TASK INSTRUCTIONS> Quote the records exactly, starting at the first line and stopping after the line with "Los alumnos en"; skip the pictures.

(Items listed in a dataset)

☆ ☆ ☆ ☆ ☆ ☆ ☆

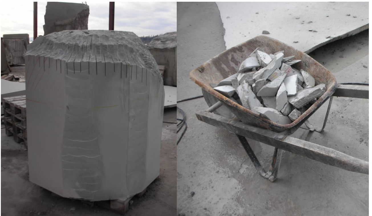
Mit der Flex hat die Künstlerin den Stein eingeschnitten, damit sie danach ganze Stücke wegschlagen konnte.
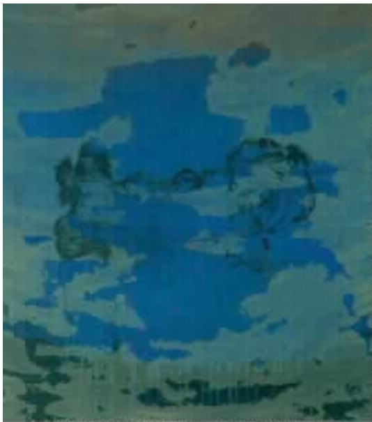
JOSE MANUEL BROTO. SIN TITULO, 1993
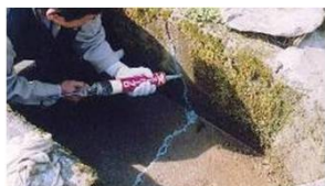
水路のひび割れ補修
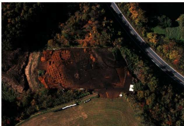
空中写真（平成21年度）
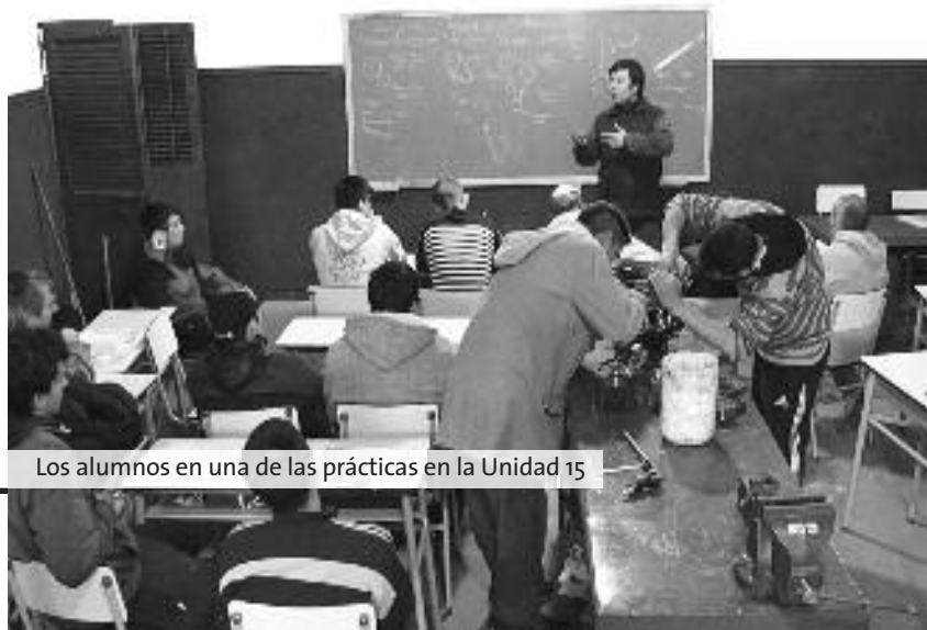
Los alumnos en una de las prácticas en la Unidad 15

Los egresados de los cursos se incorporarán a la base de datos del sector, a fin de facilitar su inserción laboral, teniendo en cuenta las empresas, talleres y PYMES del partido de General Pueyrredón de este rubro asociadas a SMATA, como así también a través de la Secretaría de Desarrollo Productivo se los incorporará a las bases de datos de la Oficina Municipal de Empleo.
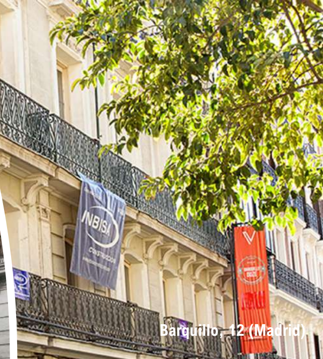
Barquillo, 12 (Madrid)

☆ ☆ ☆ ☆ ☆ ☆ ☆

SOLVED PROBLEM>
Mit der Flex hat die Künstlerin den Stein eingeschnitten, damit sie danach ganze Stücke wegschlagen konnte.
JOSE MANUEL BROTO. SIN TITULO, 1993
水路のひび割れ補修
空中写真（平成21年度）
Los alumnos en una de las prácticas en la Unidad 15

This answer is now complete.